**WHAT THIS TASK INVOLVES:**
Since the pictures are not wanted, retype the listing below exactly and without them.
DATA SEGMENT Start Marker
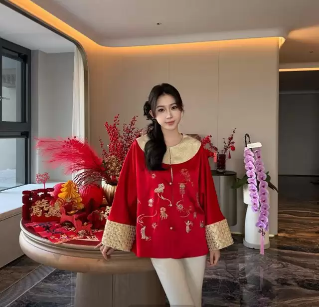 从宣云晒出的照片来看,她和潘玮柏是在上海豪宅过的春节。照片中,宣云身着一套极具节日氛围的红色中式套装,整体造型喜庆又不失雅致。
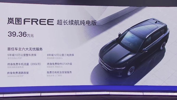 岚图FREE超长续航纯电版正式售价39。36万元 发布会截屏
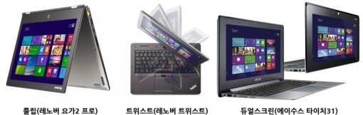 그 외에도 화면 부분을 180도 젖혀서 변신하는 레노버의 요가2 프로(약 180만 원) 그 외에 화면 부분을 돌려서 형태를 전환하는 레노버 트위스트(약 80만 원), 상판 양면에 각각의 화면을 갖춘 에이수스 타이치31(약 150만 원) 등의 형태도 있으니 각자의 취향에 맞는 제품을 고르도록 하십시오.
DATA SEGMENT End Marker
**SOLUTION TO THIS PROBLEM:**
 从宣云晒出的照片来看,她和潘玮柏是在上海豪宅过的春节。照片中,宣云身着一套极具节日氛围的红色中式套装,整体造型喜庆又不失雅致。
 岚图FREE超长续航纯电版正式售价39。36万元 发布会截屏
 그 외에도 화면 부분을 180도 젖혀서 변신하는 레노버의 요가2 프로(약 180만 원) 그 외에 화면 부분을 돌려서 형태를 전환하는 레노버 트위스트(약 80만 원), 상판 양면에 각각의 화면을 갖춘 에이수스 타이치31(약 150만 원) 등의 형태도 있으니 각자의 취향에 맞는 제품을 고르도록 하십시오.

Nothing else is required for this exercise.